Your goal ▸
Please, without any pictures, set down exactly the part of the listing below that opens with the line containing "Die Verkabelung ist" and closes with the line containing "11. Push and".

Material shown ▸
== Segment start ==

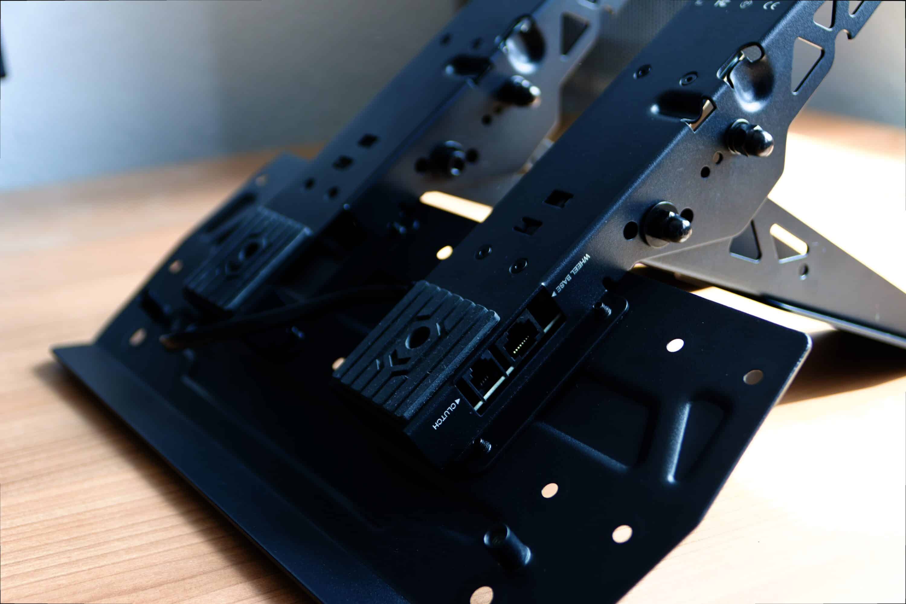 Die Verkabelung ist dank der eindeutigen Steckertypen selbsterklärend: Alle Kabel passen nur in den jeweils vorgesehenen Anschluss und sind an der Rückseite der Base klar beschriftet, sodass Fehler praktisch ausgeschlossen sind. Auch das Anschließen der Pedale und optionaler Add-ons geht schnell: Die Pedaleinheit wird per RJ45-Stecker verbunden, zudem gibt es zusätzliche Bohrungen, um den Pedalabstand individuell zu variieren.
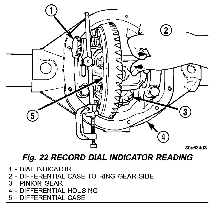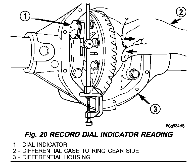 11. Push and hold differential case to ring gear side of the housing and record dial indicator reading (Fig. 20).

== Segment end ==
== Segment start ==

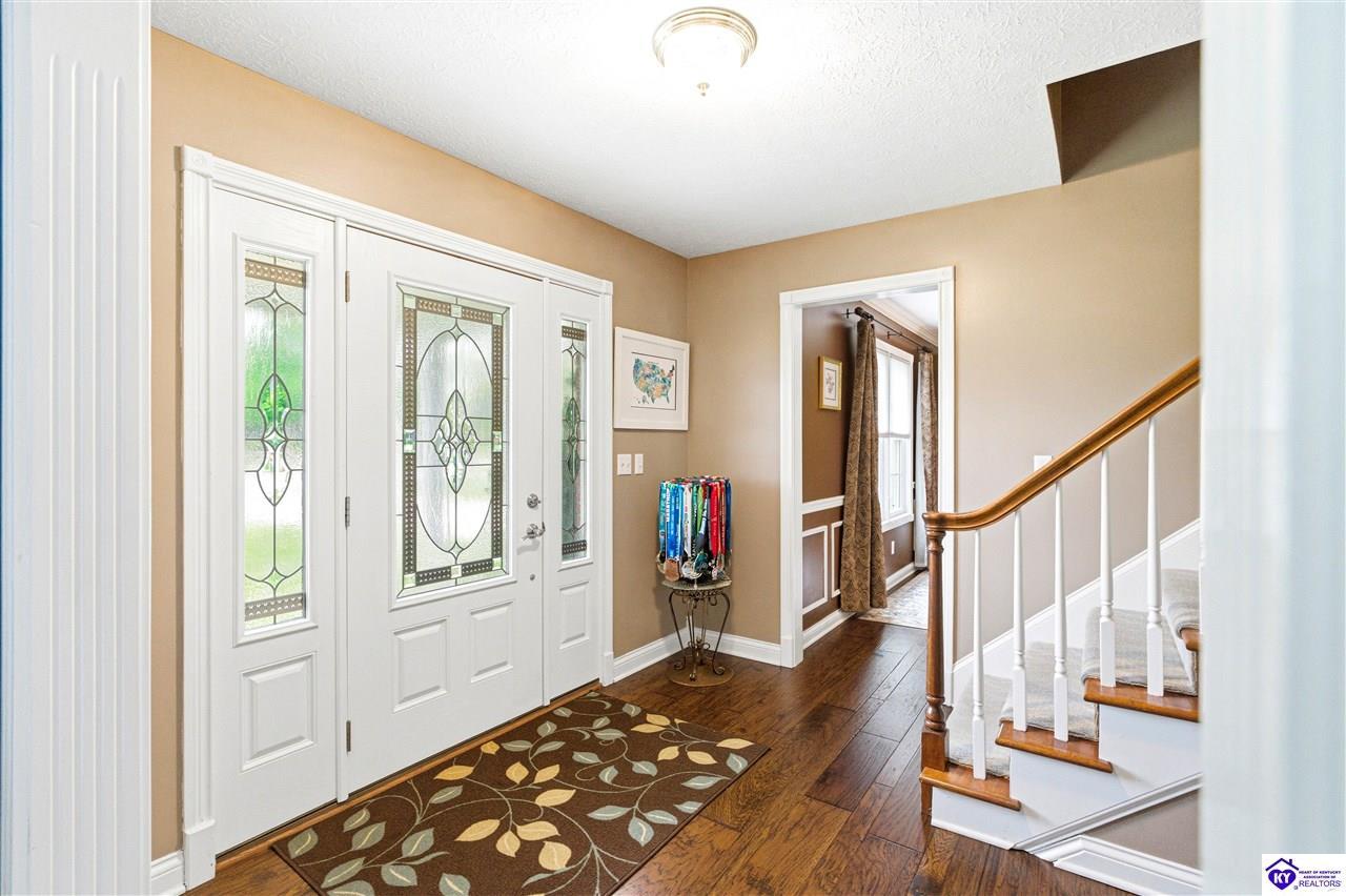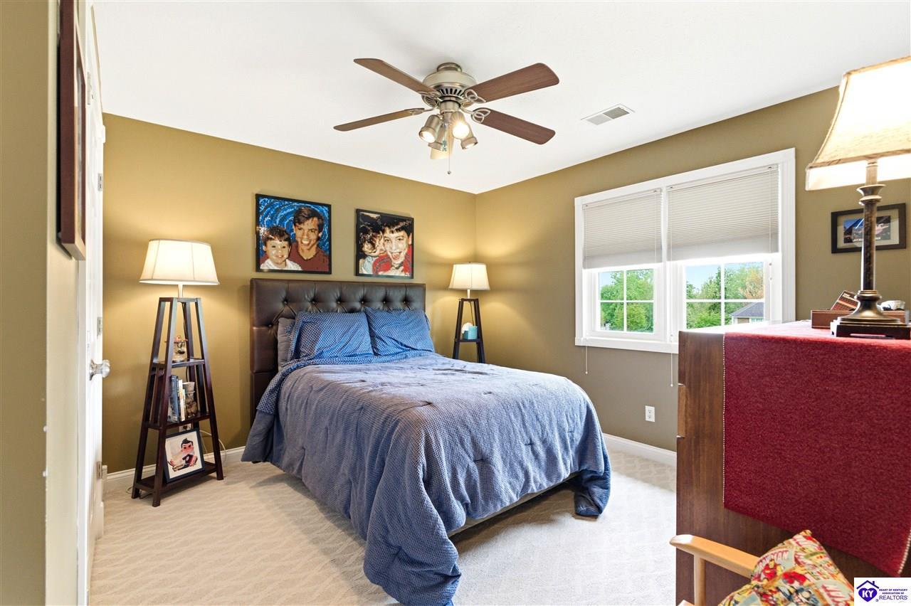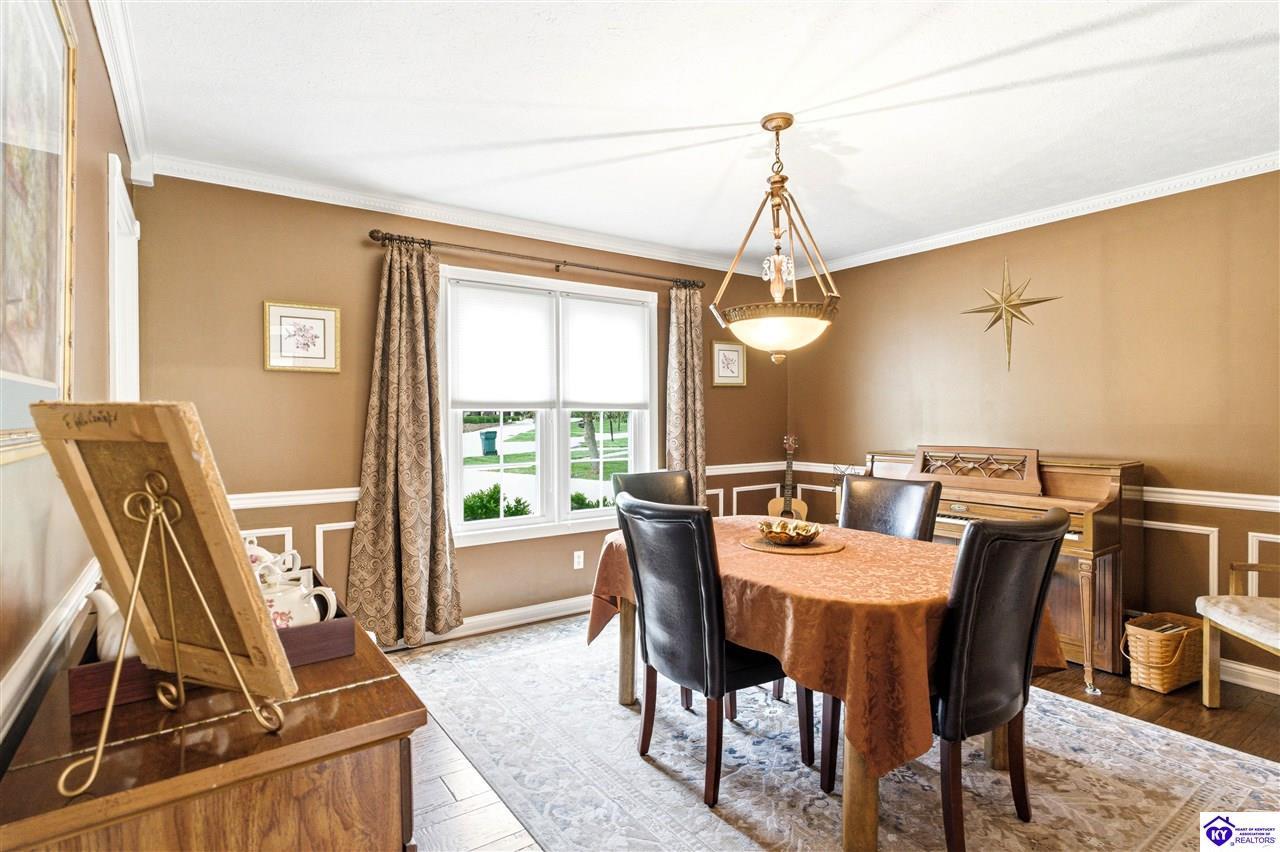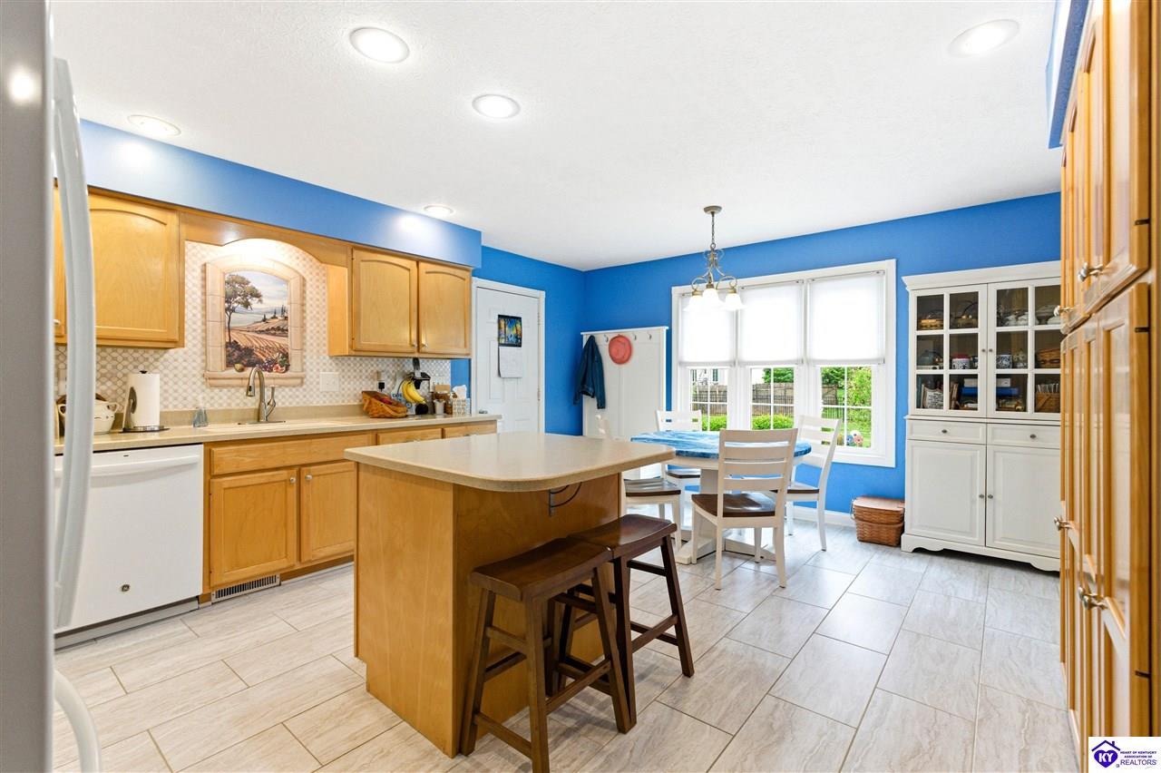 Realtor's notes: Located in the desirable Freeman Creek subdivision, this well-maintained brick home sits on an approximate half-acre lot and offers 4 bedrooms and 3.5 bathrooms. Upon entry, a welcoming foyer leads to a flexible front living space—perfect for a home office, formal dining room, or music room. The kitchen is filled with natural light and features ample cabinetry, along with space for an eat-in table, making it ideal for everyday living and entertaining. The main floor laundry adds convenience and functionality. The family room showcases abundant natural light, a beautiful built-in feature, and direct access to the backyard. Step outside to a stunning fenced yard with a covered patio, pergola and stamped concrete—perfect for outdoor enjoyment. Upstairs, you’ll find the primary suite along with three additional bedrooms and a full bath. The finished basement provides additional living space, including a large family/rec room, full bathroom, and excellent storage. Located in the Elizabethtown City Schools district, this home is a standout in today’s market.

== Segment end ==

Expected answer ▸
 Die Verkabelung ist dank der eindeutigen Steckertypen selbsterklärend: Alle Kabel passen nur in den jeweils vorgesehenen Anschluss und sind an der Rückseite der Base klar beschriftet, sodass Fehler praktisch ausgeschlossen sind. Auch das Anschließen der Pedale und optionaler Add-ons geht schnell: Die Pedaleinheit wird per RJ45-Stecker verbunden, zudem gibt es zusätzliche Bohrungen, um den Pedalabstand individuell zu variieren.
 11. Push and hold differential case to ring gear side of the housing and record dial indicator reading (Fig. 20).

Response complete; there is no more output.